To execute D-ToxoG, run startFilterMAFFile

The latest usage instructions can be found by running help startFilterMAFFile.

Example

% Run an input maf and output it to a pass.maf.annotated.  Use a mat file if available to speed loading of the maf file.  Generate plots and use the standard PoxoG of .96.  Take the defaults for the rest of the parameters.  Put all outputs into the results directory.

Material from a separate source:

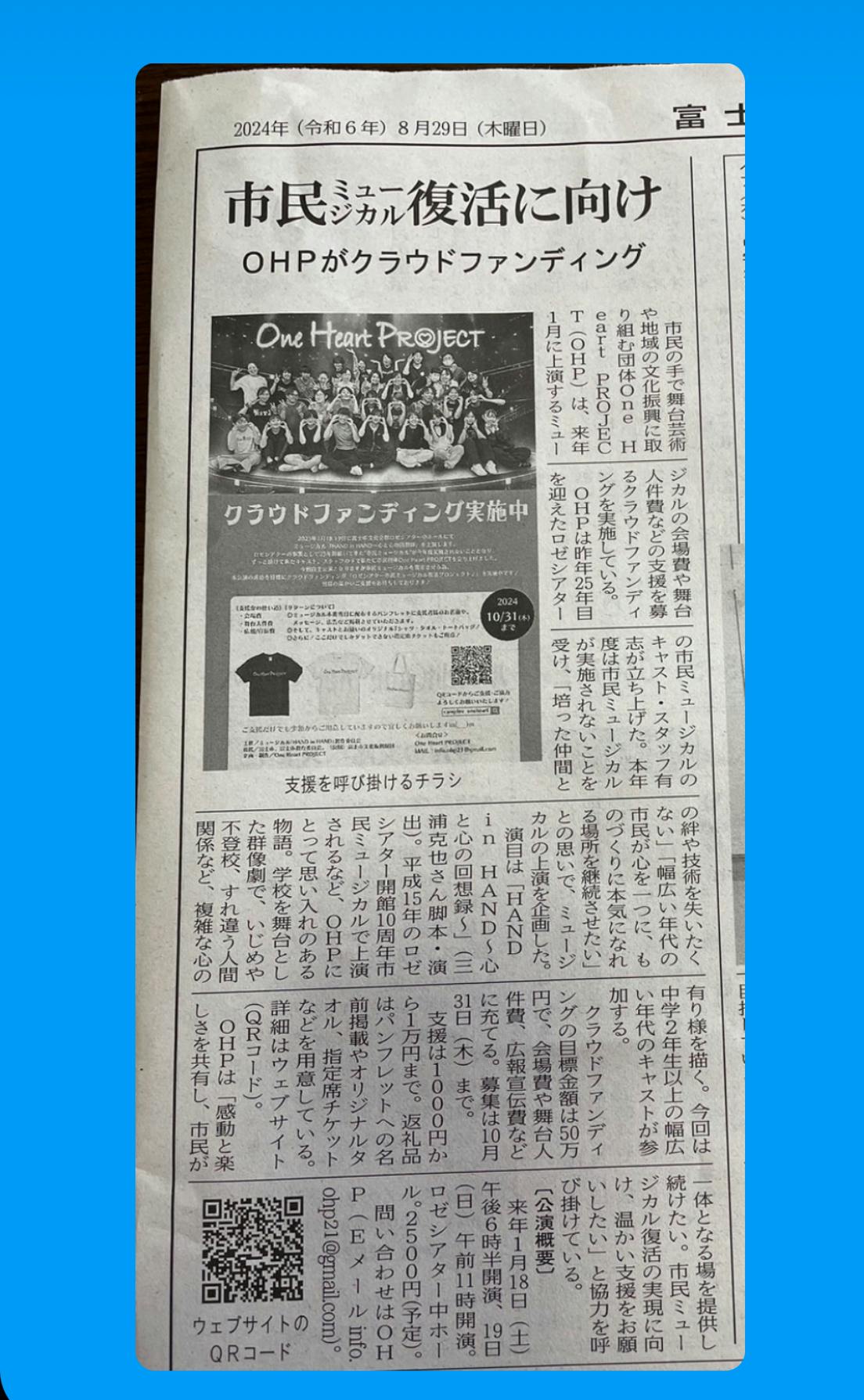 幅広い年代の方々に市民ミュージカルの事、クラウドファンディングの事など知っていただく機会になりとても嬉しく思っています^_^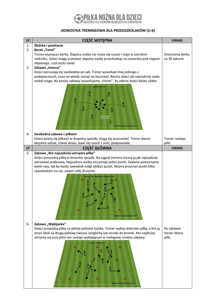 JEDNOSTKA TRENINGOWA DLA PRZEDSZKOLAKÓW (U-6) LP 1. 2. 3. 4. LP 5. 6. CZĘŚD WSTĘPNA Zbiórka i powitanie Berek „Tunel” Trener wyznacza berka. Złapana osoba nie może się ruszad i staje w szerokim rozkroku. Dzieci mogą uratowad złapane osoby przechodząc na czworaka pod nogami złapanego, czyli przez tunel. Zabawa „Imiona” Dzieci poruszają się swobodnie po sali. Trener wywołuje imię jednego z podopiecznych, musi on wtedy stanąd na bacznośd. Reszta dzieci jak najszybciej siada wokół niego. Na koniec zabawy wywołujemy „trener”, by zebrad dzieci blisko siebie. Swobodna zabawa z piłkami Dzieci bawią się piłkami w dowolny sposób, mogą się wyszumied. Trener bierze aktywny udział, chwali dzieci, bawi się razem z nimi, podpowiada. CZĘŚD GŁÓWNA UWAGI Zmieniamy berka co 30 sekund. Trener rozdaje piłki. UWAGI Zabawa „Kto najszybciej zatrzyma piłkę” Dzieci prowadzą piłkę w dowolny sposób. Na sygnał trenera muszą ją jak najszybciej zatrzymad podeszwą. Najszybsza osoba otrzymuje jeden punkt. Zadanie powtarzamy wiele razy, tak by każdy zawodnik mógł zdobyd punkt. Można przyznad punkt kilku zawodnikom na raz, nawet całej drużynie. Zabawa „Wybijanka” Dzieci prowadzą piłkę na jednej połowie boiska. Trener wybija dzieciom piłkę, a kto ją straci idzie na drugą połowę dwiczyd żonglerkę lub strzały do bramki. Kto najdłużej utrzyma się przy piłce ten zostaje wybijającym w następnej rundzie zabawy. Po zabawie trener zbiera piłki. 7. 8. 9. LP 10. 11. 12. 13. Starty z różnych pozycji Trener wyznacza linię początkową i koocową oraz pozycje startowe (stojąca, siad skrzyżny, leżenie itp.). Zadaniem dzieci jest jak najszybciej przebiec do linii koocowej. --- PRZERWA --- Ok. 1-2 minuty. Zabawa „Traf trenera” Dzieci prowadząc piłkę uderzają ją tak, by trafid uciekającego przed nimi trenera w nogi. Trener ustala ilośd punktów po której dzieci wygrywają zabawę (3-10 pkt.). Trener rozdaje piłki. Zabawa „Kto przebije więcej piłek” Dwa zespoły ustawione po przeciwnych stronach linii środkowej, której nie mogą przekraczad. Zadaniem dzieci jest przebijad (na początek kulając, potem nogą) piłki na drugą połowę. Punkt zdobywa drużyna, która ma mniej piłek na swojej połowie. Trener wyznacza czas rundy np. 60 sekund. CZĘŚD KOOCOWA UWAGI Gra 3 na 3 bez bramkarzy na ogromne bramki Gra dzięki której dzieci mogą zdobyd dużo bramek, co przynosi im wiele radości. Gra 3 na 3 z bramkarzami Zabawa „Minutka” Odmiana „10 sekund”. Dzieci kładą się na plecach, po sygnale trenera każdy liczy po cichu i próbuje odmierzyd 10 sekund, a następnie staje na bacznośd. Gdy wszystkie dzieci wstaną nagradzamy brawami osoby, która były najbliżej 10 sekund. Okrzyk drużynowy i pożegnanie WWW.PILKANOZNADLADZIECI.PL Trener mierzy czas na stoperze.

startFilterMAFFile('C:\Lee\work\oxoGv3Results\PR_TCGA_HNSC_Capture.maf.annotated', 'PR_TCGA_HNSC_Capture.pass.maf.annotated', 'results/', 1, 1, '0.96')

Background

Experiments carried out by the sequencing platform have established that the OxoG artifact arises from an oxidation process in library construction. Prior to the PCR step, conversion of guanine to 8-oxoguanine (8-oxoG) tends to occur in the context of CGG (where the 8-oxoG is the middle G) sequences. Unlike regular guanine, 8-oxoG has a higher chemical affinity to bind with adenine rather than cytosine. The presence of 8-oxoG during subsequent PCR amplification cycles introduces adenine bases into DNA molecules at sites where cytosine should have been, systematically producing CAG sequences where the original sequence was CCG. Unlike natural mutations, non-reference artifact bases are locked specific strand orientations by the forked adapter ligation step before PCR, resulting in G>T artifacts on the F1R2 orientation and C>A artifacts on the F2R1 orientation. An IGV screenshot of an artifact mutation from sample BLCA_A2C5 is shown below.

Above is the distribution of orientation biases from a test set of 8 tumor types (40 samples with varying degrees of artifact). The red spike close to FoxoG=1 is the artifact component.